Limitations & Future Work

  1. Increases training computational overhead by around 20-30% (requiring gradient computations for three routes).
  2. MoE introduces additional expert parameters, which increases training memory despite being reducible during inference.
  3. The number of instruction tokens (10) is a hyperparameter, which, although shown to be insensitive in experiments, might have varying optimal values depending on the model.
  4. Validation is primarily conducted on COCO, Objects365, and NuImages; more downstream tasks (e.g., open-vocabulary detection) remain to be explored.

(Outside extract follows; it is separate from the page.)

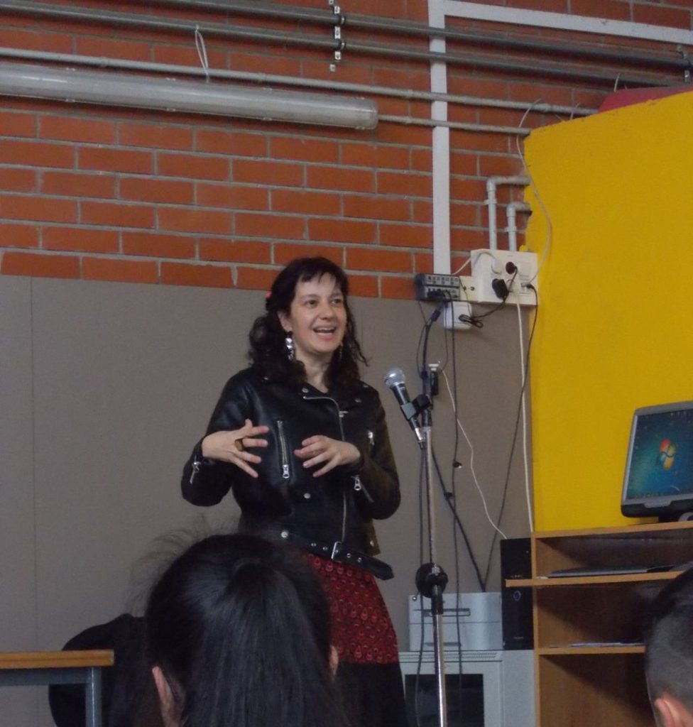 La Laia Aguilar va arribar puntual. Al gimnàs ja l’estàvem esperant, el grup de l’ILEC. La Daniela Morales i la Lluna Jiménez li van donar la benvinguda amb la lectura de la seva presentació.
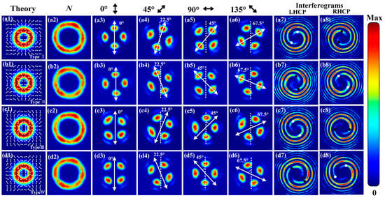 The same as Figure 2, except that LGVVB is formed by superposing two orthogonal circular LGVBs with TCs of ±2. (a1–d8) represent different types of LGVVBs. Column 1(a1–d1): Theoretical simulations of beam patterns and polarization distributions (white solid arrows indicate polarization distributions). Column 2 (a2–d2): Experimentally measured intensity distributions without a polarizer (label “N” indicates that no polarizer is used). Columns 3–6 (a3–d6): Polarization patterns after transmission through a linear polarizer rotated to 0°, 45°, 90°, and 135° (black solid arrows on the top indicate polarizer angles, white solid arrows in the figure denote petal pattern orientations). Columns 7–8 (a7–d8): Interferograms from coaxial interference between the LGVVB and experimentally generated LHCP/RHCP divergent spherical waves. (White dots mark clockwise spiral fringes, black dots indicate counter-clockwise fringes, with dot counts corresponding to fringe numbers). (a1–a8) Type I LGVVB; (b1–b8) Type II LGVVB; (c1–c8) Type III LGVVB; (d1–d8) Type IV LGVVB.

  • DAC-DETR: Achieves o2m by removing SA—this paper proves that discarding SA is unnecessary, and using instruction tokens is more elegant.

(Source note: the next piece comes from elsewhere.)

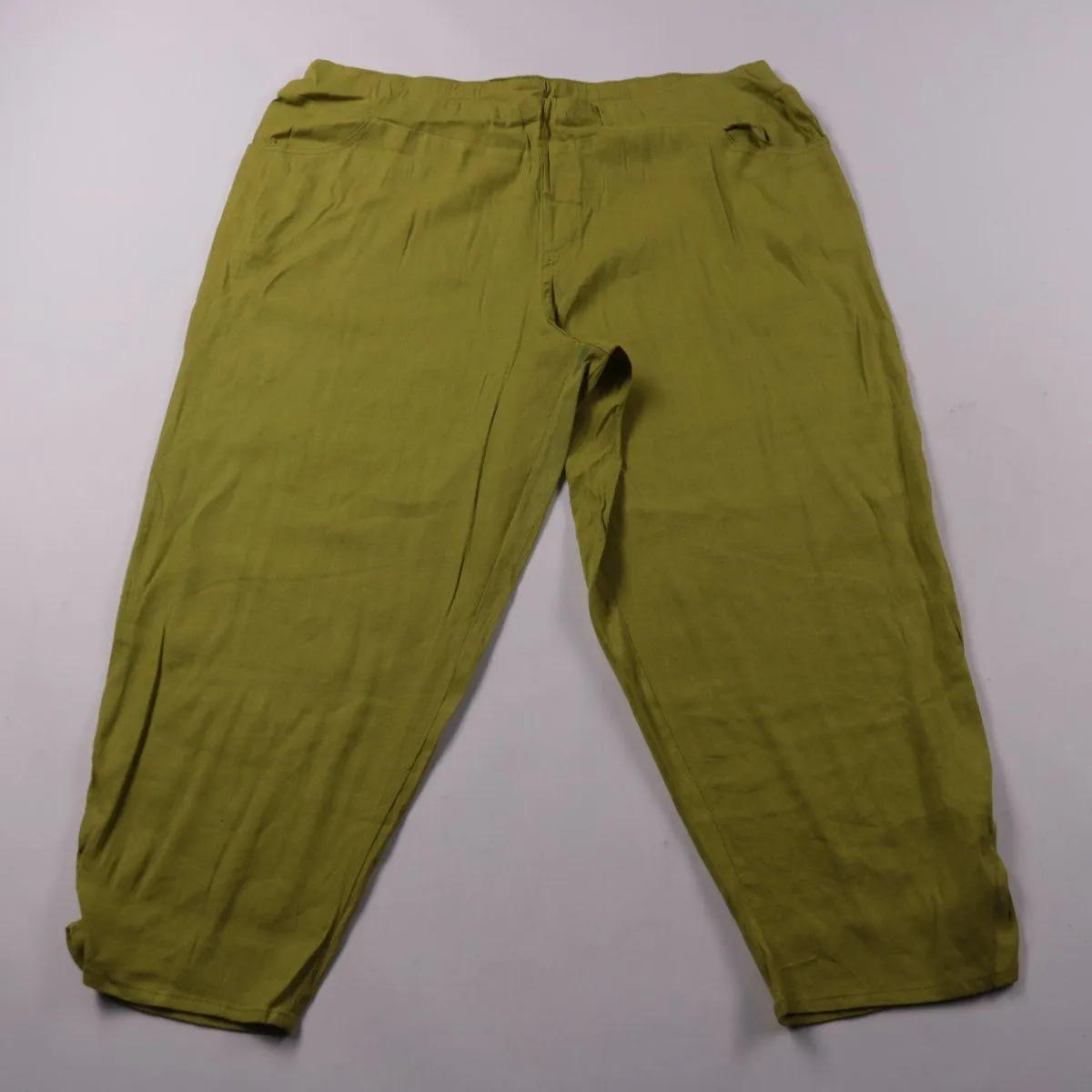 Женские брюки TS оливково-зелёного цвета из льняной смеси, лёгкие и дышащие. Подойдут для тёплой погоды и повседневной носки, крой ближе к прямому с укороченной длиной. За счёт добавления эластана ткань чуть тянется и комфортнее сидит в талии.

  • MS-DETR: Uses CA output for o2m and SA output for o2o—this paper proves that this is not the only effective combination.

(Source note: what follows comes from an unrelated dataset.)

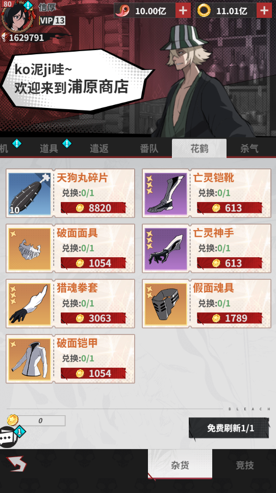 朽木露琪亚碎片0.31% 蓝染惣右介碎片0.55%
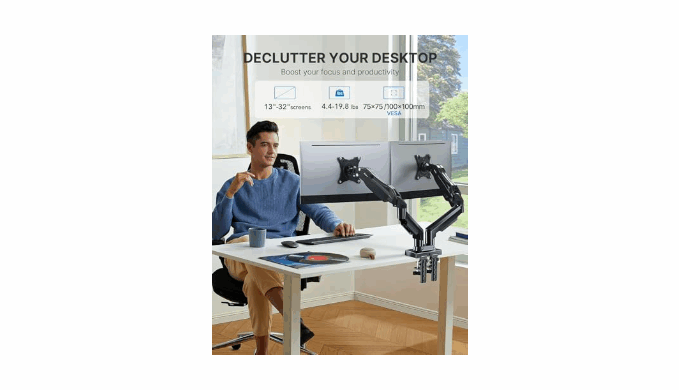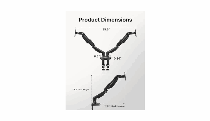 Comfort Is Fundamental - Our dual monitor arm for desk raises monitors to eye level, improving posture, relieving strain on neck & shoulders while increasing productivity levels.Height adjustable, full motion design lets you work in a more comfortable ergonomic position.

  • DINO: Uses multiple groups of denoising queries for auxiliary training—the multi-route strategy in this paper is orthogonal to denoising queries and can be combined.
  • Inspiration: The methodology of component-wise analysis under a multi-task framework can be extended to other multi-head/multi-task architectures (e.g., multimodal fusion modules in VLMs).

Rating

⭐⭐⭐⭐ (8/10)

  • Novelty: ⭐⭐⭐⭐ — Valuable systematic empirical analysis; the Instruction Token design is novel.
  • Experimental Thoroughness: ⭐⭐⭐⭐⭐ — Convincing with multiple baselines, datasets, tasks, and exhaustive ablations.
  • Writing Quality: ⭐⭐⭐⭐ — Well-structured, with a complete logical flow from experimental observations to method design.
  • Value: ⭐⭐⭐⭐⭐ — High engineering value owing to zero inference overhead, plug-and-play capability, and generalizability across baselines.